[Entries supplied]

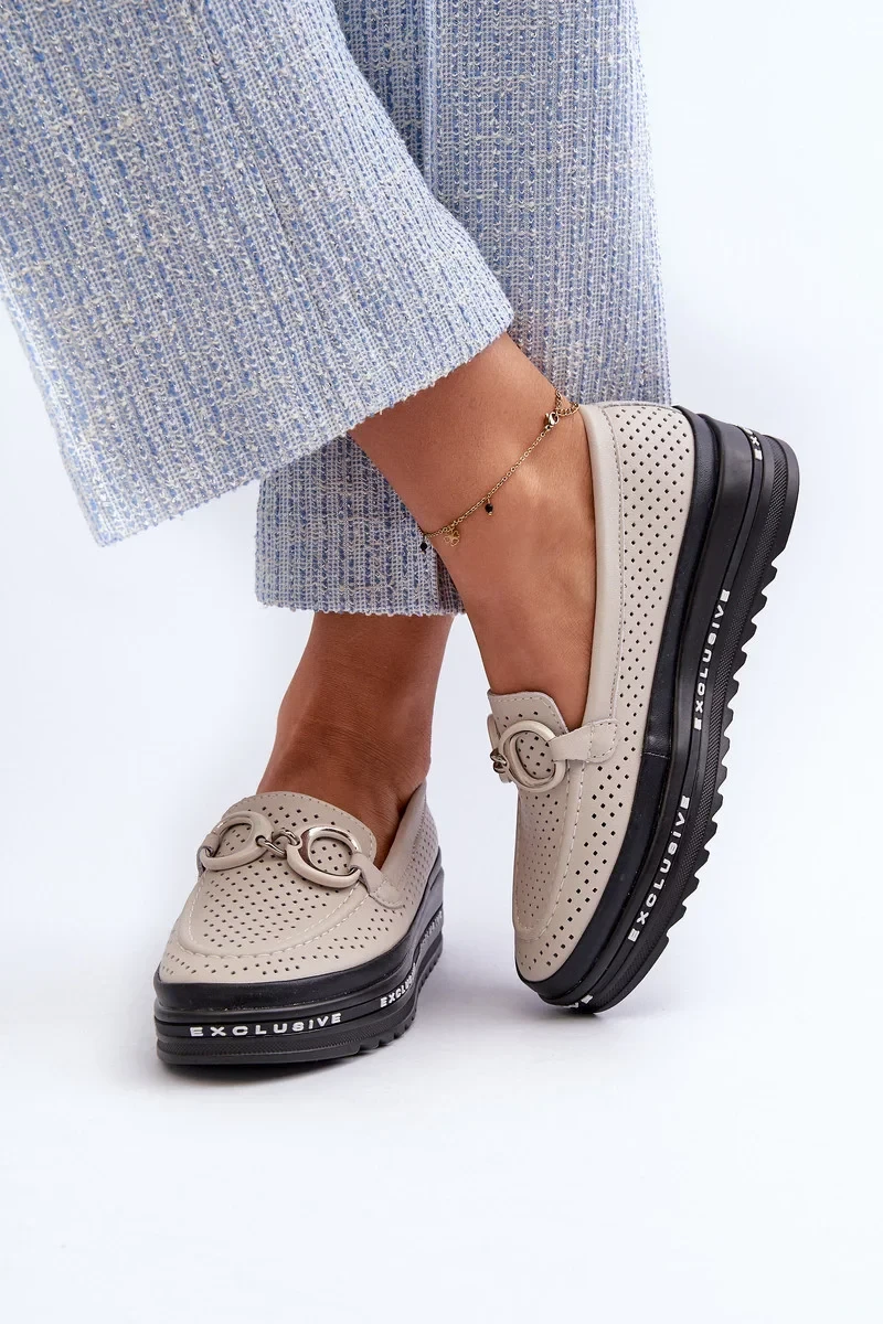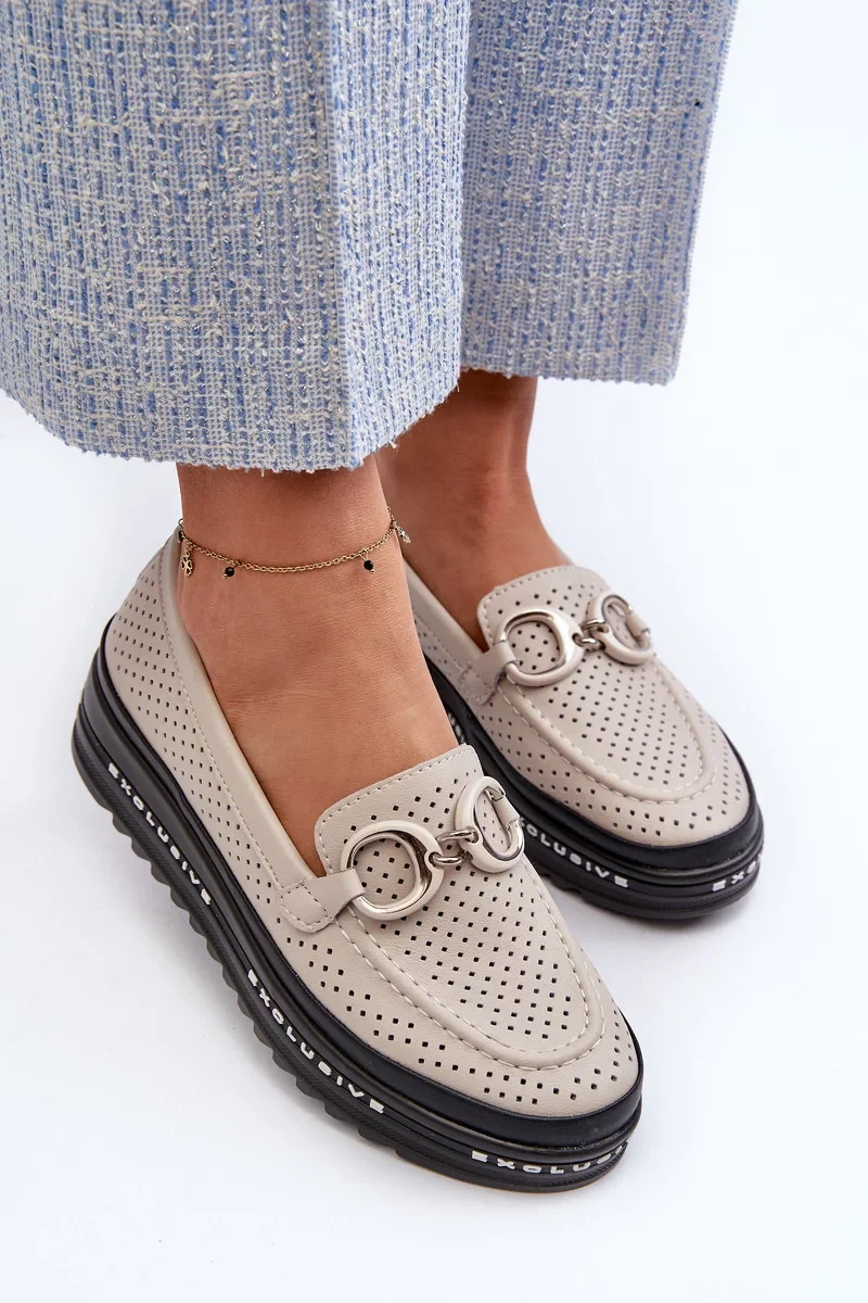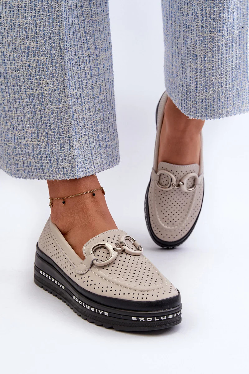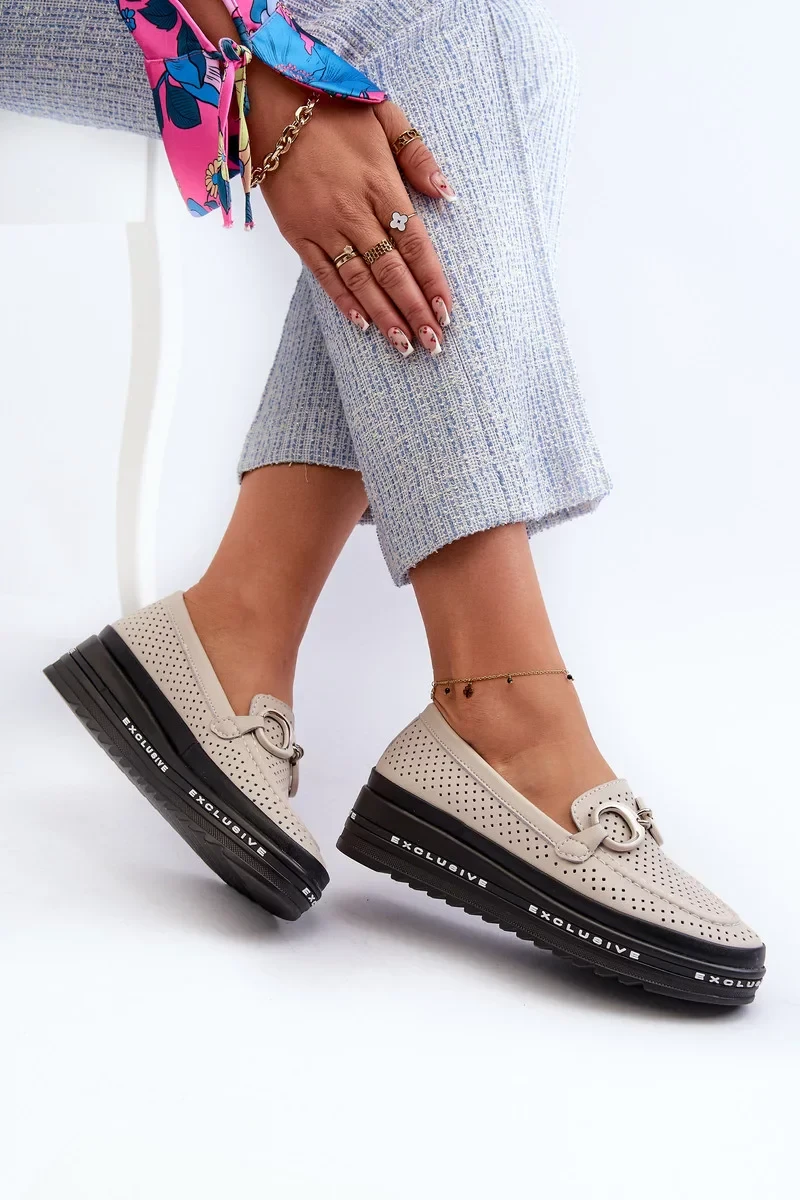 Dámské kožené mokasíny na platformě s ozdobou S.Barski béžová
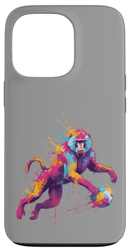 Joueur de Football Baboon Art éclaboussures de Peinture Coque pour iPhone 13 Pro
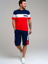 Комплект мужской состоящий из футболки и брюк. Футболка из трикотажного полотна с коротким рукавом и фигурной горловиной, спереди авторский принт. Брюки из трикотажа с набивкой на широком поясе с резинкой и регулируемым шнуром, по бокам удобные карманы.
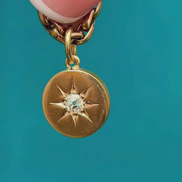 Antique 18ct Gold Round Diamond Star-Set Charm
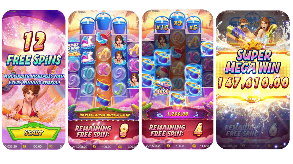 Songkran Splash เป็นวิดีโอสล็อตแบบ 5 รีลที่มีรูปแบบไม่เหมือนใคร โดยรีล 1 และ 5 จะมี 3 แถว รีล 2 และ 4 มี 4 แถว ส่วนรีลกลางรีล 3 มี 5 แถว ภายในเกมมาพร้อมระบบ ตัวคูณเพิ่มขึ้นเรื่อยๆ ซึ่งจะทำงานเมื่อสัญลักษณ์ที่ชนะปรากฏบนรีล 2, 3 หรือ 4 โดยแต่ละรีลที่มีสัญลักษณ์ชนะ จะตั้งค่าหรือต่อยอด ตัวคูณของรีลนั้นๆ ทำให้โอกาส ในการรับรางวัลสูงขึ้นและทุกการหมุนเต็มไปด้วยความตื่นเต้น
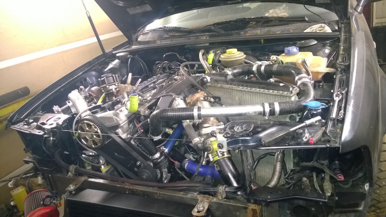 Vajaa puolivuotta siinä vierähti mutta nyt on päästy ajamalla tallista uloskin:) Kytkin ottaa sen verran napakasti niin rupeaa voimansiirrosta löytymään välystäkin.etupalkkia joutuu vielä vähän modailee että saa välijäähyä alaspäin ja saa puskurin ritilät paikalleen.Rupesin tänään vaihtamaan s2 nilkkoja eteen, Mutta hommat tyssäsi siihen että 108mm nivel on sisäpäästä m10 pulteilla kiinni ja pieni m8:lla. Onko kellään infoa mikä tuon m10 pultin pituus ja kierteen nousu on?
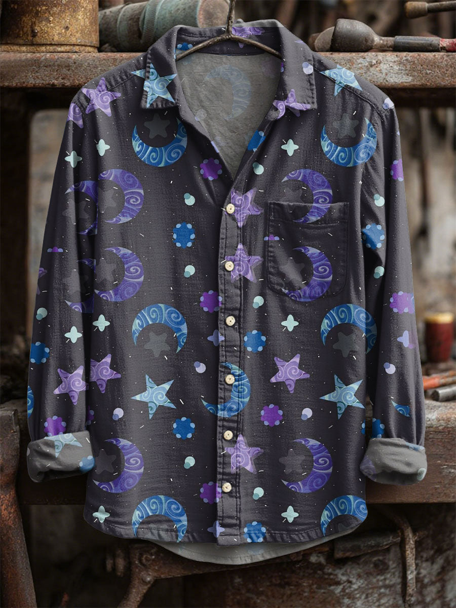 Vintage Αστέρι και Σελήνη Καθαρό μακριά μανίκι πουκάμισα
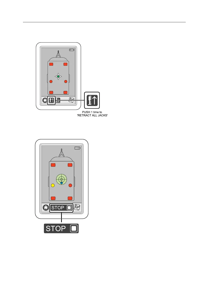 By pushing the button “RETRACT ALL JACKS” a “STOP” sign appears on the screen,
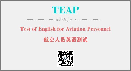 上述内容是“Test of English for Aviation Personnel”作为“TEAP”的缩写,解释为“航空人员英语测试”时的信息,以及英文缩略词TEAP所代表的英文单词,其对应的中文拼音、详细解释以及在英文中的流行度和相关分类、应用领域及应用示例等。
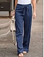 Naisten Leveä reisi Loma Perus Täyspitkä Keskivyötärö Joustamaton Loma Katu Kausaliteetti Sininen Musta Syvän sininen Kevät Loose Fit
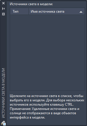 Отображение списка различных типов источников света с именами, которые используются в чертеже.
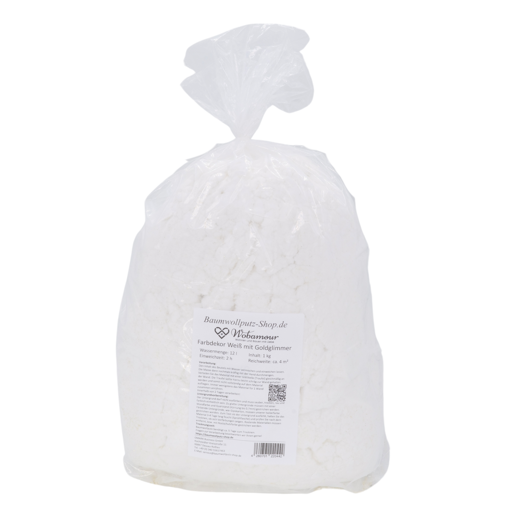 Baumwollputz Farbdekor Weiß mit Goldglimmer
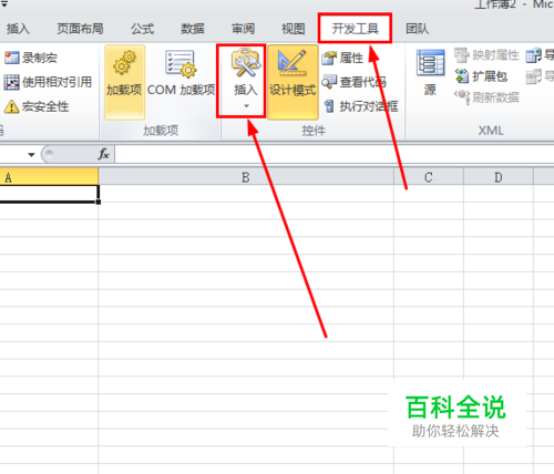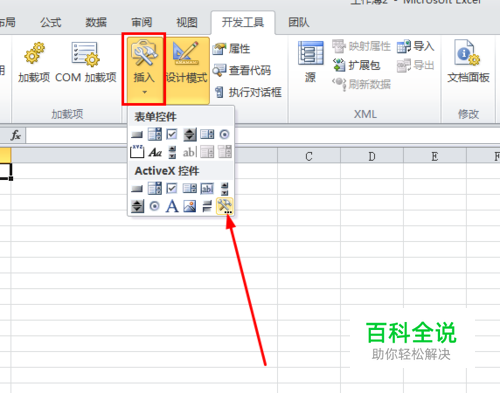 首先,打开Excel 2010,然后找到“开发工具”菜单,选择下面的“插入”子菜单。
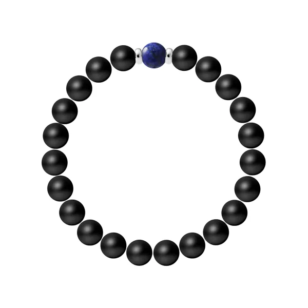 Armband - Zwarte Agaat - Lapis Lazuli / Blauwe Agaat Sterling Zilver 925 Duizendsten Ferrules | HR® elastisch - Hoge Weerstand | Gemaakt in onze Franse Werkplaats | Geleverd met onze prestige doos en een certificaat van garantie en echtheid

[/Entries supplied]

Retype all entries exactly as they appear, dropping the images.

**Exercise result:**
 Dámské kožené mokasíny na platformě s ozdobou S.Barski béžová
 Joueur de Football Baboon Art éclaboussures de Peinture Coque pour iPhone 13 Pro
 Комплект мужской состоящий из футболки и брюк. Футболка из трикотажного полотна с коротким рукавом и фигурной горловиной, спереди авторский принт. Брюки из трикотажа с набивкой на широком поясе с резинкой и регулируемым шнуром, по бокам удобные карманы.
 Antique 18ct Gold Round Diamond Star-Set Charm
 Songkran Splash เป็นวิดีโอสล็อตแบบ 5 รีลที่มีรูปแบบไม่เหมือนใคร โดยรีล 1 และ 5 จะมี 3 แถว รีล 2 และ 4 มี 4 แถว ส่วนรีลกลางรีล 3 มี 5 แถว ภายในเกมมาพร้อมระบบ ตัวคูณเพิ่มขึ้นเรื่อยๆ ซึ่งจะทำงานเมื่อสัญลักษณ์ที่ชนะปรากฏบนรีล 2, 3 หรือ 4 โดยแต่ละรีลที่มีสัญลักษณ์ชนะ จะตั้งค่าหรือต่อยอด ตัวคูณของรีลนั้นๆ ทำให้โอกาส ในการรับรางวัลสูงขึ้นและทุกการหมุนเต็มไปด้วยความตื่นเต้น
 Vajaa puolivuotta siinä vierähti mutta nyt on päästy ajamalla tallista uloskin:) Kytkin ottaa sen verran napakasti niin rupeaa voimansiirrosta löytymään välystäkin.etupalkkia joutuu vielä vähän modailee että saa välijäähyä alaspäin ja saa puskurin ritilät paikalleen.Rupesin tänään vaihtamaan s2 nilkkoja eteen, Mutta hommat tyssäsi siihen että 108mm nivel on sisäpäästä m10 pulteilla kiinni ja pieni m8:lla. Onko kellään infoa mikä tuon m10 pultin pituus ja kierteen nousu on?
 Vintage Αστέρι και Σελήνη Καθαρό μακριά μανίκι πουκάμισα
 By pushing the button “RETRACT ALL JACKS” a “STOP” sign appears on the screen,
 上述内容是“Test of English for Aviation Personnel”作为“TEAP”的缩写,解释为“航空人员英语测试”时的信息,以及英文缩略词TEAP所代表的英文单词,其对应的中文拼音、详细解释以及在英文中的流行度和相关分类、应用领域及应用示例等。
 Naisten Leveä reisi Loma Perus Täyspitkä Keskivyötärö Joustamaton Loma Katu Kausaliteetti Sininen Musta Syvän sininen Kevät Loose Fit
 Отображение списка различных типов источников света с именами, которые используются в чертеже.
 Baumwollputz Farbdekor Weiß mit Goldglimmer
 首先,打开Excel 2010,然后找到“开发工具”菜单,选择下面的“插入”子菜单。
 Armband - Zwarte Agaat - Lapis Lazuli / Blauwe Agaat Sterling Zilver 925 Duizendsten Ferrules | HR® elastisch - Hoge Weerstand | Gemaakt in onze Franse Werkplaats | Geleverd met onze prestige doos en een certificaat van garantie en echtheid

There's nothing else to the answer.